Best of all, there’s no mixer required. This easy dessert comes together in one bowl with just 10 minutes of prep and a handful of basic pantry ingredients that you may already have on hand.
A few tips
Remember these helpful tips as you’re mixing together a batch of blondies.
- It’s OK if the butter isn’t melted all the way. The butter will continue to melt as it cools. You can also give it a little stir with a flexible spatula.
- Use the butter wrapper to grease the pan. Because this recipe calls for a whole stick of butter, you can use the leftover wrapper to grease the baking pan.
- Reserve some chocolate eggs for topping. Don’t fold all of the chocolate eggs into the batter. Plan to reserve about 1/4 cup, and gently press into the batter after it’s been spread in the baking pan. It will make for a pretty, colorful top.
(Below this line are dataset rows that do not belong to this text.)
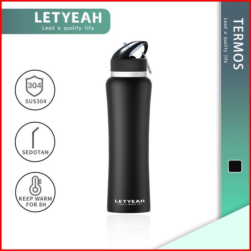 Letyeah Sus304 600ml Botol Olahraga Anti Bocor Portable Water Minum Sport Botol Tumbler Tahan Panas Stainless Steel
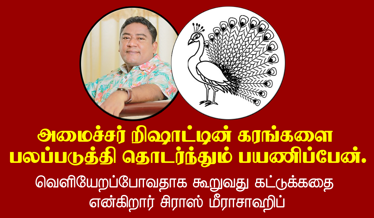 “கட்சியின் உயர்பீடத்தில் நான் ஒரு அங்கத்தவன் . கட்சி நடவடிக்கையில் தலைவருடன் இணைந்து பணியாற்றிவருபவன்.எனவே வீணாக என்னைப்பற்றி விமர்சித்து உங்கள் நேரகாலத்தை நாசமாக்காதீர்கள் நான் இந்த கட்சியிலேயே தொடர்ந்தும் பயணிப்பேன். அதுமாத்திரமின்றி கடந்த காலங்களில் நாட்டில் இடம்பெற்ற சம்பவங்களின் பின்னர் கட்சி தலைவர் மீது அபாண்டமான பழிசுமத்தப்பட்டபோது அது பொய்யானது என நிரூபிப்பதில் தலைவருக்கு பக்கபலமாக இருந்தேன் இவ்வாறு சிராஸ் மீராசாஹிப் தெரிவித்தார்.
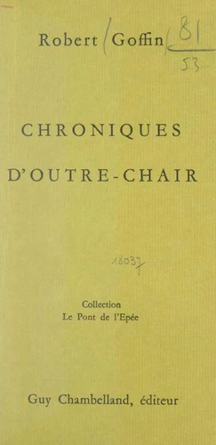 A près de 80 ans, un poète se penche sur le passé (sur le présent aussi). Une pointe de tristesse, mais aussi un amour de vivre, un punch qui met k.o. la poyâtrie intellectuelle. CF. le Pont de l'Épée 49, Robert Goffin.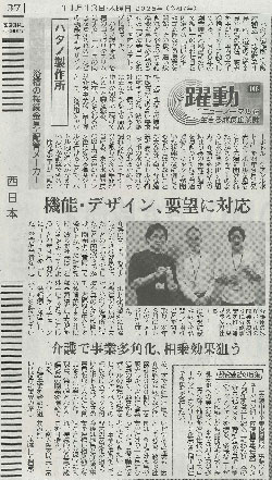 この度、ハタノ製作所が日刊工業新聞社に掲載されました。 ハタノ製作所の歴史や、新ブランド「ケアシル」のことを取り上げていただきました。 以下より内容がご覧いただけます。 是非ご覧ください。 ※以下画像をクリックでPDFが開きます。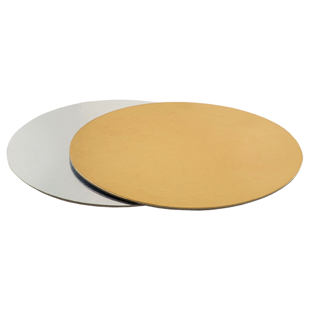 Info om Tårtbrickor Silver och Guld 28 cm 100-pack består av vändbara tårtunderlägg där ena sidan är guld och andra silver. Kan läggas mellan våningarna på en våningstårta. Skivan är tillverkad i papp och har en diameter på 28 centimeter. Säljs i 100-pack.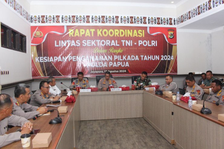 Papuanewsonline.com, Jayapura – Dalam rangka kesiapan pengamanan menuju Pilkada Serentak 2024 Polda Papua, Aparat gabungan TNI-Polri melaksanakan Rapat Koordinasi Lintas Sektoral, Senin (12/08).Kegiatan ini turut dihadiri oleh Irwasda Polda Papua, Kombes Pol. Drs. Yosi Muhamartha, Karo Ops Polda Papua I Ketut Gede Wijatmika, S.I.K., Asops Lantamal X Kol (P) Yustus Nasarius Rosi, Waasops Kasdam XVII/Cen Letkol Inf Arif Budi Situmeang, S.I.K., Para PJU Polda Papua serta tamu undangan TNI maupun Polri.Pelaksanaan Rapat Koordinasi ini berlangsung di Aula Cendrawasih Polda Papua, dan pada kesempatannya, Karo Ops Polda Papua menyampaikan terkait Operasi yang akan dilakukan.“Yth PJU dan para tamu undangan sekalian, saya akan jelaskan tentang Operasi yang akan kita laksanakan yaitu OMPC, OMPC I dalam rangka cipta kondisi yang pertama adalah KKR dan Tabligh Akbar dan itu merupakan pra Operasi yang sudah berjalan saat ini, sedangkan OMPC II pada dasarnya ada perjanjian antara TNI dan Polri Melalui MOU, rumus tugas pokok OMPC II sasarannya mulai dari ambang gangguan nyata dan harus kita perkiraan khusus oleh intelijen kita tuangkan sasarannya,” ujarnya.Lebih lanjut Ia menambahkan bahwa Wilayah Pegunungan Kombes Enoch untuk Kasatgas Papua Tengah Dirpamobvit, dan Kasatgas memiliki 7 Satgas, tugas Satgas Preventif berupa penggalangan kepada masyarakat, sedangkan untuk Preemtif yaitu Patroli pengamanan di TPS, Kemudian ada satgas Tindak dan Satgas Sus apabila ada gangguan dari kelompok KKB.“Dan berikutnya adalah Kasatgas Gakkum dan itu sudah yang kelima di Polda papua Induk itu dijabat oleh Dirkrimum, Beliau membawahi 2 sub satgas, yaitu satgas ciber yang terkait dengan berita berita hoax dengan menjelekkan salah satu paslon dan tentunya berkaitan dengan yang ada di media media sosial saja,” tambah Karo Ops Polda Papua.Pada kesempatan yang sama Dir Intelkam Polda Papua Kombes Pol. Wawan Setiawan, S.I.K., juga menyampaikan terkait tanggal 15 Agustus ini sementara sudah ada beberapa kabupaten yang sudah menyampaikan kegiatan aksi KNPB terkait dengan New York Agreement utk Korlap watpo wetipo dan Herlington balingga, dengan ajakan ajakan selebaran.“Beberapa kabupaten sudah terindikasi melaksanakan kegiatan seperti Kota Jayapura, Kabupaten Jayapura, Nabire, Jayawijaya, dogiyai, dan kobakma, dan Kekuatan massa dan perkembangan situasi akan sangat berpengaruh di lapangan,” ucap Dir Intelkam Polda Papua.Tidak lupa Irwasda Polda Papua juga mengingatkan agar Pilkada nnti pihak Kepolisian maupun TNI bisa mengantisipasi dan jangan sampai timbul lagi permasalahan yang kemarin timbul pada saat pemilu di wilayah Pegunungan.“Kemudian untuk bantuan TNI AD, AL, dan AU agar di salurkan berapa banyak yang bisa di siapkan untuk rencana kedepannya terkait Pam Pilkada tersebut,” tutup Irwasda Polda Papua. (PNO-12)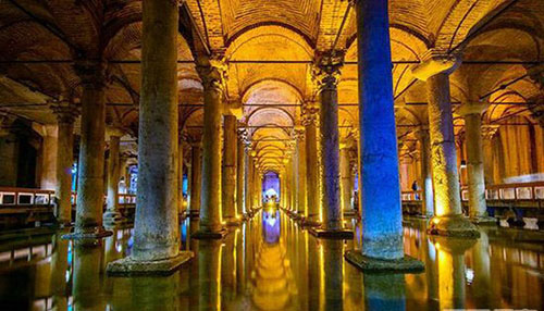首先,第一处是土耳其的地下宫殿。这处Basilica Cistern地下宫殿于公元532年创建,当时人们是为了贮备水资源而建,如今被称之为土耳其的一大奇观。整座宫殿占地近1000平方米,可以容难8万立方米的自然水,有336条大理石石柱支撑。
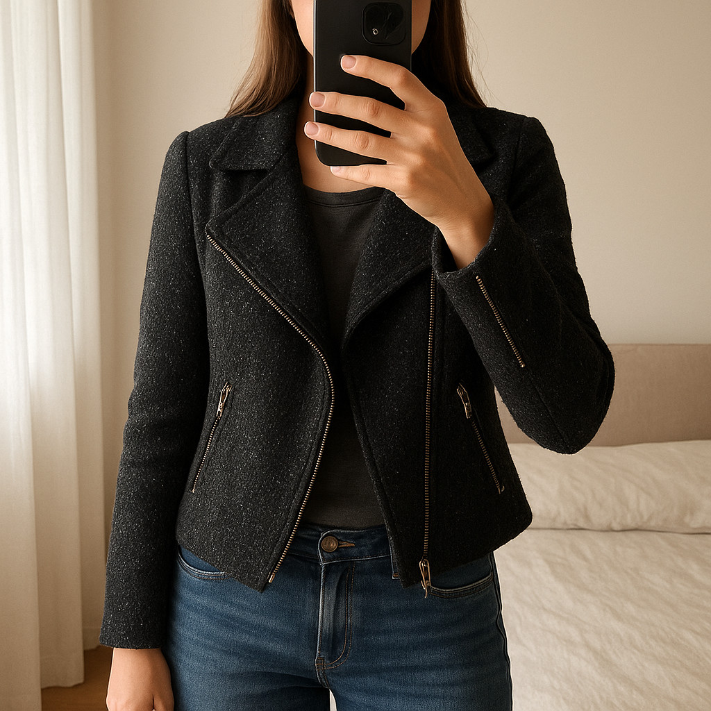 Veste noire femme S - Giacca Donna S in piedi, rivolto verso la fotocamera, in una camera da letto con luce soffusa e luce naturale che filtra dalla finestra.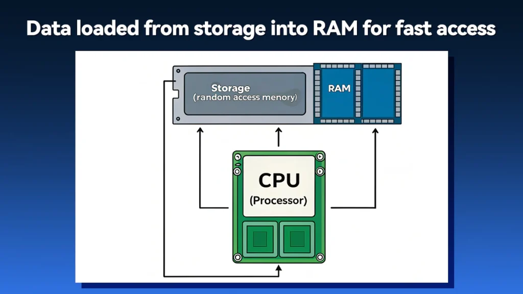 Unlike permanent storage, RAM is volatile, meaning it only retains data while the system is powered on. When you launch a program, load a document, or start a game, that information moves into RAM for quicker processing. More RAM allows you to multitask efficiently, edit large files, and run multiple apps simultaneously without slowdown.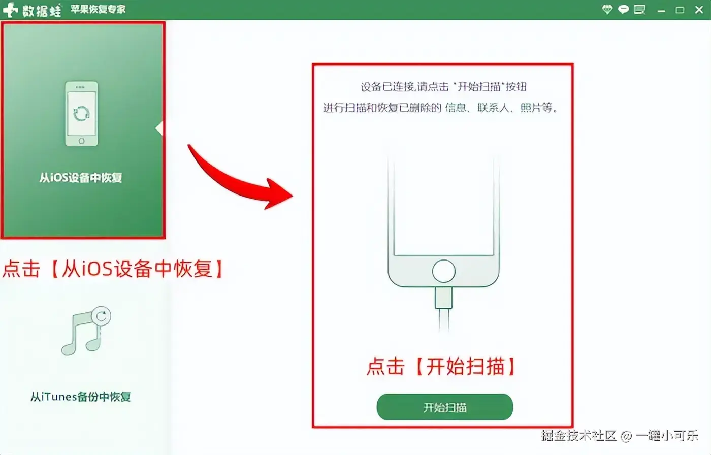 步骤1:用数据线连接手机和电脑,运行工具,选择从 【iOS设备中恢复】 的数据扫描方法,然后点击 【开始扫描】 。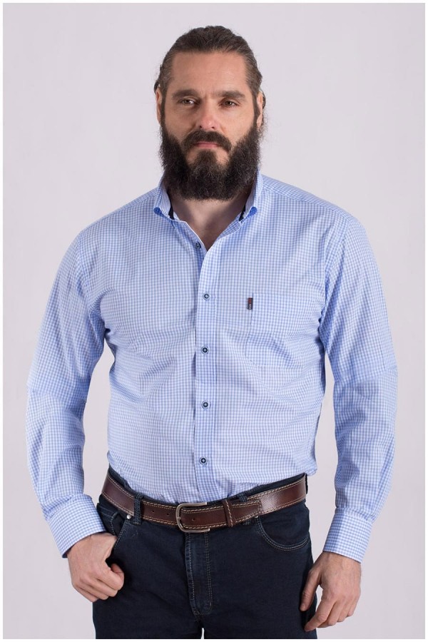Vichy-ruiten extra lange mouw overhemd van Plusman.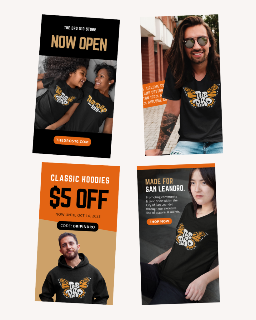 I partnered with The Dro 510, a San Leandro–based e-commerce brand, to help bring their community-driven mission to life through branding, marketing, and digital design. My work focused on developing brand concepts and visual direction that celebrated local pride and the unique spirit of “The Dro,” while supporting marketing and social media efforts to build awareness and connection with the community.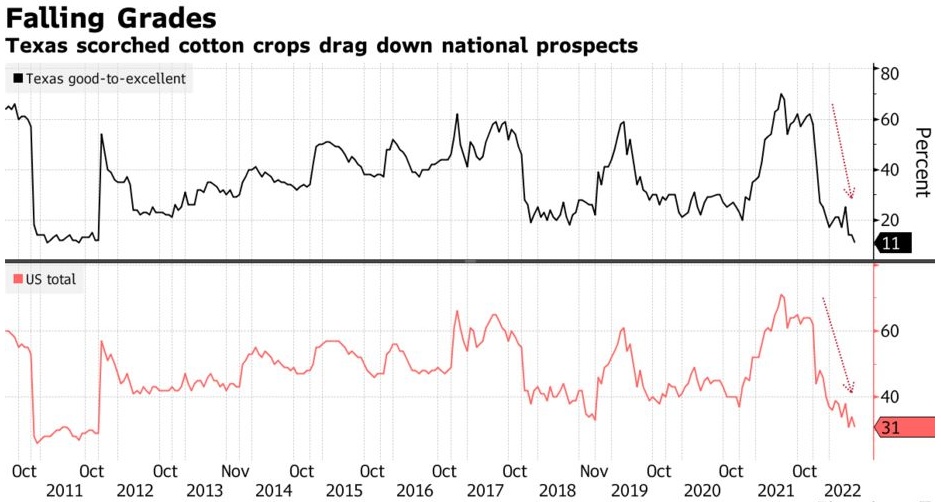 智通财经APP获悉,美国最大的棉花生产州德克萨斯州的棉花生产前景恶化,给全球棉花供应带来新的打击。美国农业部的数据显示,在截至8月21日的一周,得克萨斯州只有11%的作物被评为良好至极佳,低于一周前的14%,为2011年以来的最低水平。处于贫瘠到非常贫瘠环境中的植物比例从一周前的50%增加到59%。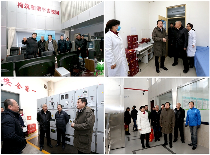 1月31日,校党委书记张炜、副校长李和章、校长助理郝志强前往良乡校区,先后赴校园保安值班室、总配电室、良乡校区学生食堂、学生公寓楼值班室、良乡校区锅炉房、良乡校区监控指挥中心等地方,慰问坚守岗位的工作人员。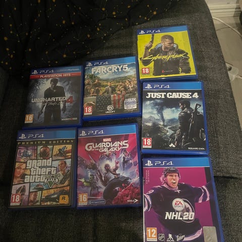 Myynnissä 4 PS4 peliä Fifa 16, Rocket League, MYYTY Crash Bandicoot N Sane Trilogy ja Star Wars Battlefront II. Hinta peleille on 5e per kpl.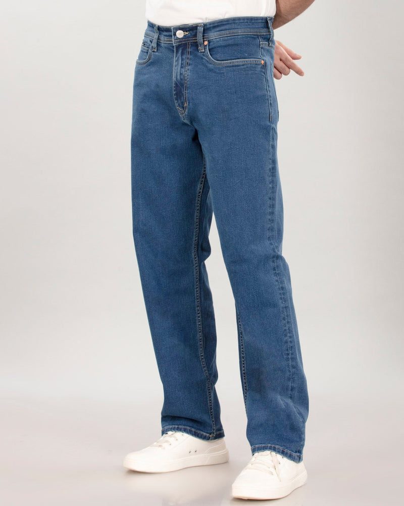Mid Blue Stretch Denim - Relaxed Fit Jeans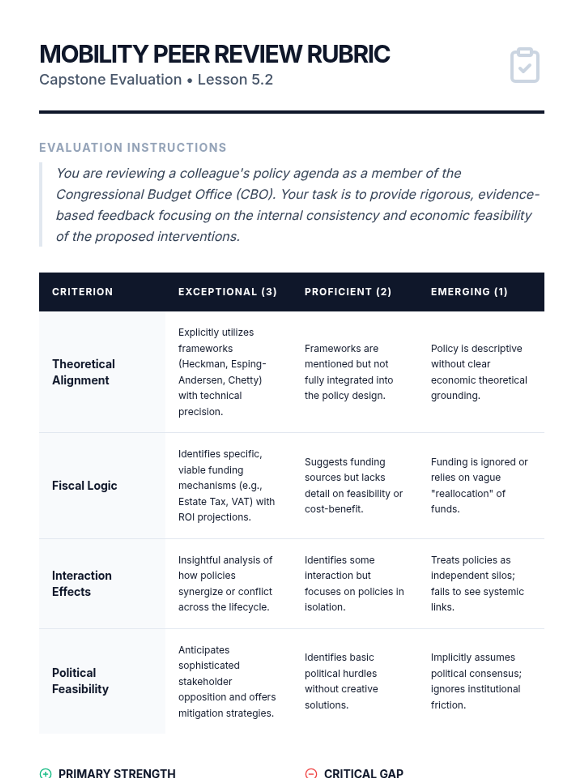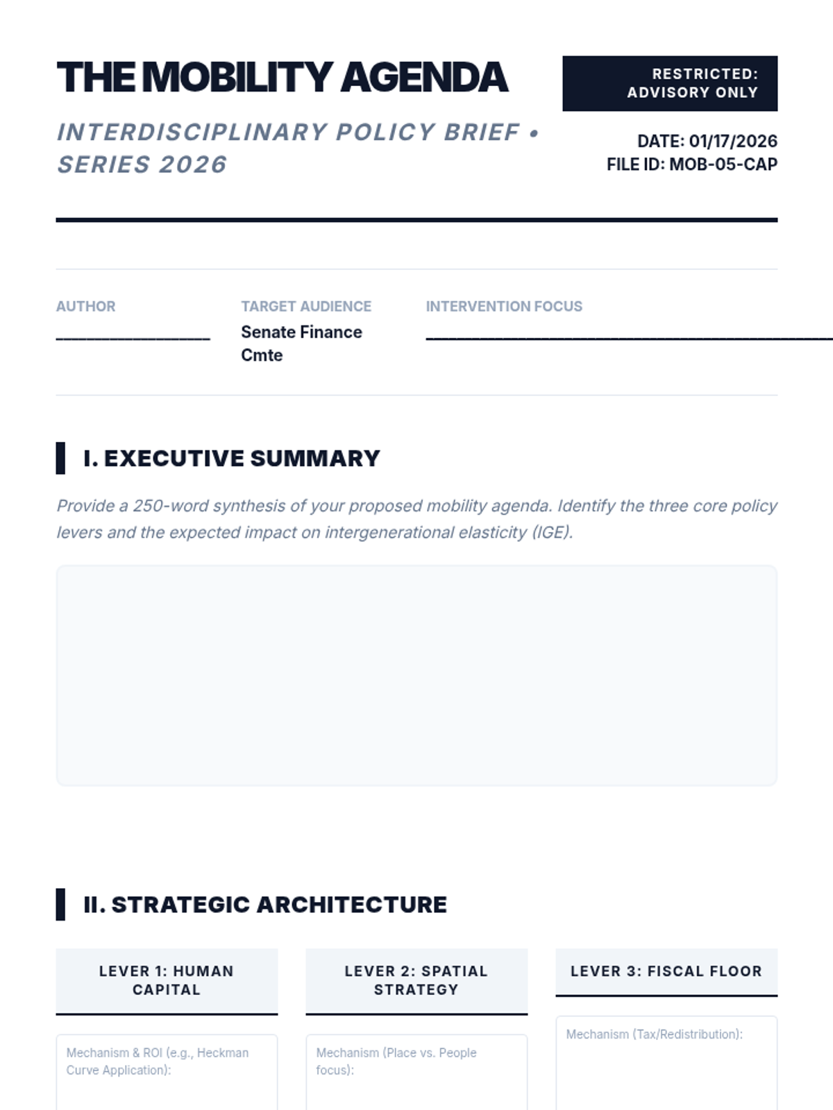 A capstone workshop where students synthesize their learning into a formal policy brief defending a comprehensive mobility agenda.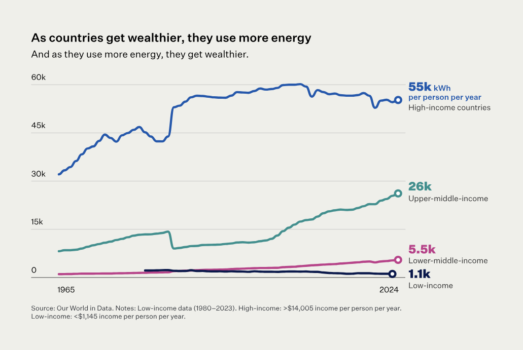 그런데 그게 꼭 나쁜 것이냐? 그렇지는 않아요. 위 그래프를 보세요. 사람들이 돈이 많아지면 자연스럽게 에너지 소비량도 늘어납니다. 그거 자체는 좋은 거에요. 왜냐고요? 에너지를 더 쓴다는 얘기는 경제가 성장한다는 얘기이고, 경제가 성장해야 시민들의 삶이 개선되니까요. 여러분도 집에서 전기 쓰잖아요? 에너지는 경제 성장의 핵심이에요.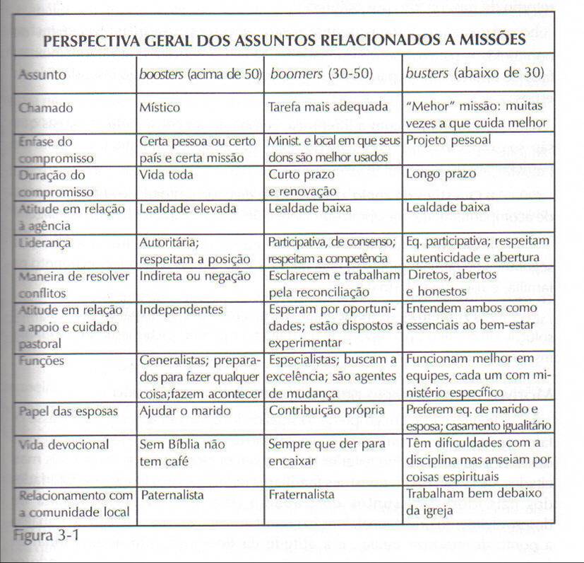 O quadro abaixo demonstra as diferenças das gerações em relação às ações missionárias: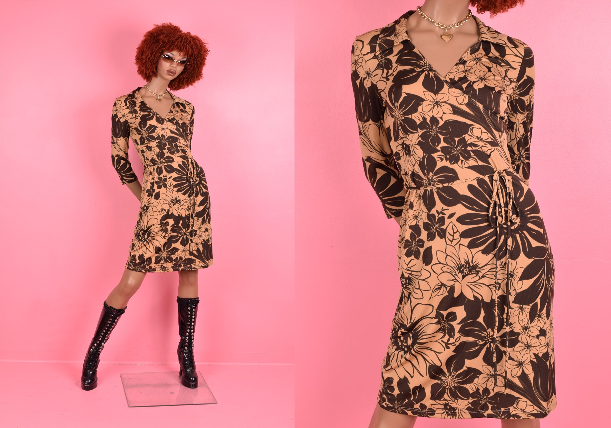 90s 00s Floral Print Faux Wrap Dress Medium 1990s 2000s Etsy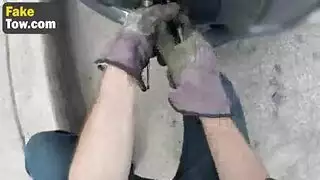 امرأة سمراء مثير في سن المراهقة مص الديك سائق التاكسي المحلي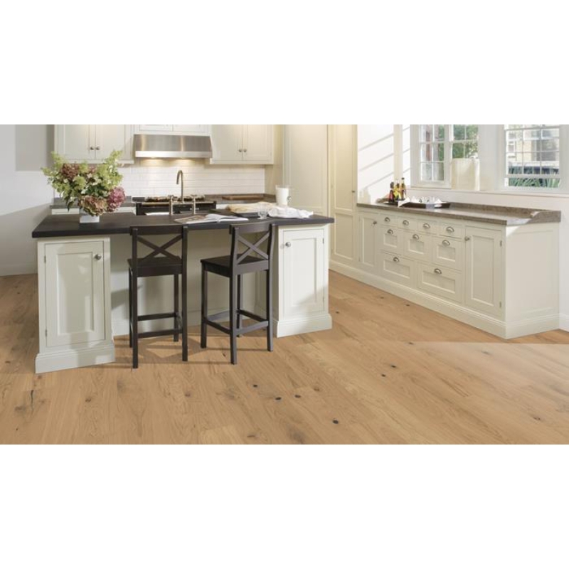 A light stain is used to give Oak Lupine its modern, slightly muted look, reminiscent of freshly cut oak timber. The oiled surface, brushed to soften the cracks and knots allows each board to demonstrate the natural wood grain of the material while still retaining the subtilty of this floor – in both its visual and tactile impression.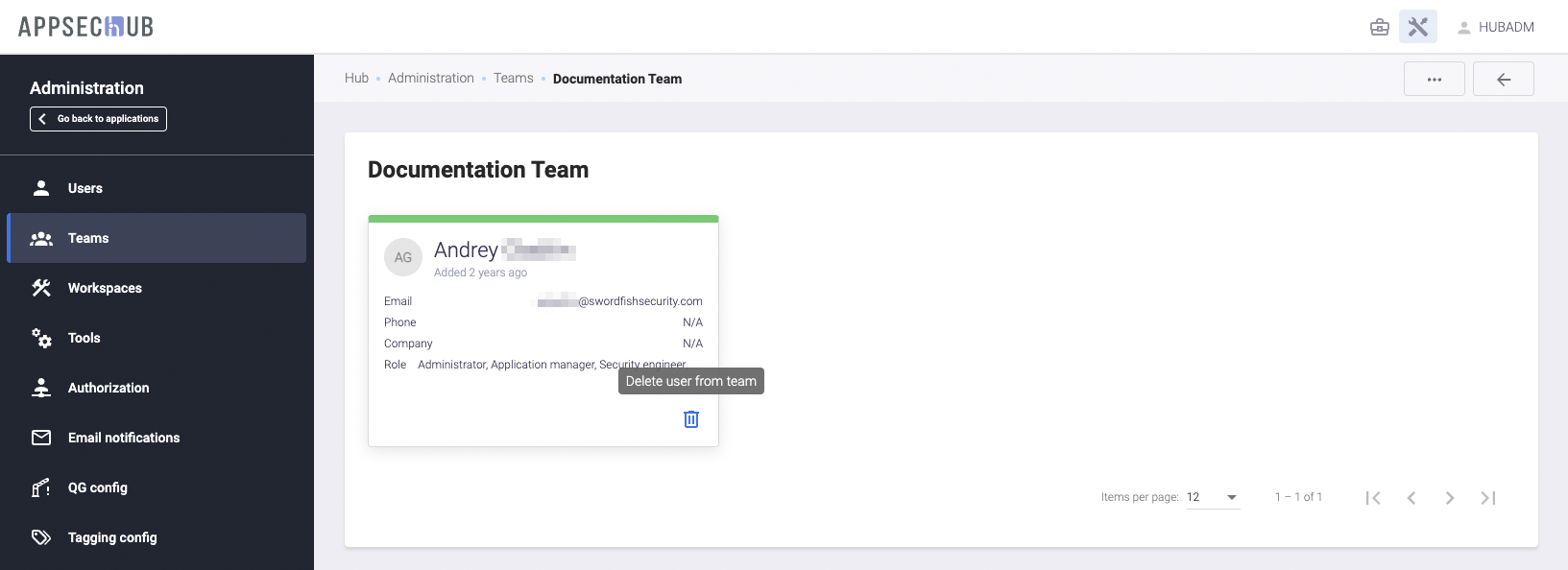 Выберите роль(и) пользователя в поле Hub Roles (Administrator, Manager, Security Engineer, Developer).

- Any candy-coated bite-size chocolate eggs will work. This recipe calls for Cadbury Mini Eggs, however other brands of bite-size chocolate eggs with a hard candy coating will also work.
Easter Egg Blondies Recipe
Makes 16 bars

Ingredients:
- 8 tablespoons (1 stick) unsalted butter
- Cooking spray or butter, for greasing the pan
- 1 cup packed light or dark brown sugar
- 1 large egg
- 1 tablespoon vanilla extract
- 1/4 teaspoon kosher salt
- 1 1/4 cups all-purpose flour
- 1/2 teaspoon baking powder
- 1 cup Cadbury Mini Eggs (about 7 1/2 ounces), divided
Directions:
- Arrange a rack in the middle of the oven and heat the oven to 350 F.
- Place 1 stick unsalted butter in a large microwave-safe bowl. Microwave until mostly melted, 60 to 70 seconds (it will melt completely as it sits). (Alternatively, melt the butter in a small saucepan over medium heat.) Set aside to cool slightly for 5 minutes. Meanwhile, line an 8-by-8-inch baking pan with parchment paper, leaving an overhang on two opposite sides to form a sling. Lightly coat the pan and parchment with cooking spray or butter.
- Add 1 cup packed light or dark brown sugar, 1 large egg, 1 tablespoon vanilla extract, and 1/4 teaspoon kosher salt. Stir with a flexible spatula until smooth and glossy.
- Add 1 1/4 cups all-purpose flour and 1/2 teaspoon baking powder, and stir with a flexible spatula until a thick batter forms. Fold in 3/4 cup of the Cadbury Mini Eggs. Transfer the batter to the pan and spread into an even layer. Top with the reserved 1/4 cup Mini Eggs and gently press into the batter.
- Bake for 10 minutes. Rotate the pan and bake until the edges pull away slightly from the pan and are firm, and a tester inserted into the center comes out with just a few crumbs, 8 to 12 minutes more.
- Place the pan on a wire rack and let cool completely, about 1 hour. Grasp the excess parchment and lift the blondie slab out of the pan and onto a cutting board. Cut into 16 squares.
Recipe note: Store in an airtight container at room temperature for up to three days or in the freezer for three months.